If your program has memory leaks, they will appear at the bottom of the Valgrind output, as follows:

Ultimately, your goal is to get each of these categories down to 0 bytes in 0 blocks. When this happens, the Leak Summary output will change to look as follows:

Runtime Errors

Valgrind outputs runtime errors together with your program's output. For example, consider the following Valgrind segment:

In the middle of running my code, Valgrind discovered a runtime error, in this case, Invalid write of size 4. Notice that it gives us a 'stack trace', in other words, a list of which functions were called to get to the point where this error occurred. In this case, main() called function1(), which called function2(), which called function3(), which called function4(). function4() is where the error occurred. Notice that Valgrind even gives a line number: our error occurred in the file valgrind.cpp on line 4.

Sometimes, Valgrind will report that an error occurred in a function that you didn't even write. For example:

As you can see in the stack trace, an error occurred in the file write.c on line 27. But you didn't even write that!

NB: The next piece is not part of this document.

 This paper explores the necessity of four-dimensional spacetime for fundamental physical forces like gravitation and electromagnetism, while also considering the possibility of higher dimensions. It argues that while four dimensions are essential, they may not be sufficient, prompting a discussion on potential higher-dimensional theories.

When this happens, the best thing to do is to follow the stack trace backwards until you find a function that you did write. In this example, we would follow the stack trace back until we found the main() function, specifically line 180 in valgrind.cpp.

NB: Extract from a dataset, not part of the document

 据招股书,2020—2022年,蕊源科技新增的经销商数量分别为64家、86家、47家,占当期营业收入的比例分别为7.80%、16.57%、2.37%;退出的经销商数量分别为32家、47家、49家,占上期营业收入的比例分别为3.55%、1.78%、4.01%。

Let's now consider the most frequent Valgrind errors that you might face in this class:

Valgrind Download

Conditional jump or move depends on uninitialized value(s)

This error message means that you have a loop or if statement that is dependent on an uninitialized variable (a variable whose value you haven't set). In the example below, notice that the integer x is only set if userInput is equal to true. But then, no matter what, we use x in the for-loop condition, even though it might not be set. This creates problems, because if you don't set the value of the variable, it will be set to some unknown value.

Invalid write of size n

This error message most often occurs if you have written outside the bounds of memory you have allocated. For example, suppose you allocate an array of integers with 5 items, but then try to access the 8th element:

Mismatched (or Invalid) free() / delete / delete[] / realloc()

This error message can have several causes. The most common reason is forgetting to use delete[] with dynamically allocated arrays. In this example, the valgrind error could be corrected by simply adding the square brackets after delete.

This can also occur if you don't correctly delete the memory you've allocated. Anytime you use new, you must delete with delete. Anytime you use malloc, you must delete using free. Attempting to mix and match, as seen below, will cause a Valgrind error:

One other thing that can cause this problem is deleting the same thing twice:

Stack overflow in thread

Valgrind Abr

Valgrind

In labs that use recursion, such as BST, you may run into this error. Most frequently this occurs when you don't have exhaustive base cases for a recursive function. Without all the necessary base cases, your recursive function will continually call itself until there is no more memory on the stack to call it.

Process terminating with default action of signal 11 (SIGSEGV)

This means that your program crashed with a Segmentation Fault. A segmentation fault generally occurs if you try to access memory that is already reserved by the system. In this class, this most commonly occurs if you try to access a data member of a NULL pointer, like this:

Process terminating with default action of signal 15 (SIGTERM)

In the autograder output, you will almost always see this error when your program's execution timed out (in this class, the time limit is 5 seconds). Like the stack overflow issue, this can happen with recursive functions that are missing necessary base cases. If this is the case, your Valgrind output will look something like this:

Notice that function1() continually called itself over and over until we ran out of time.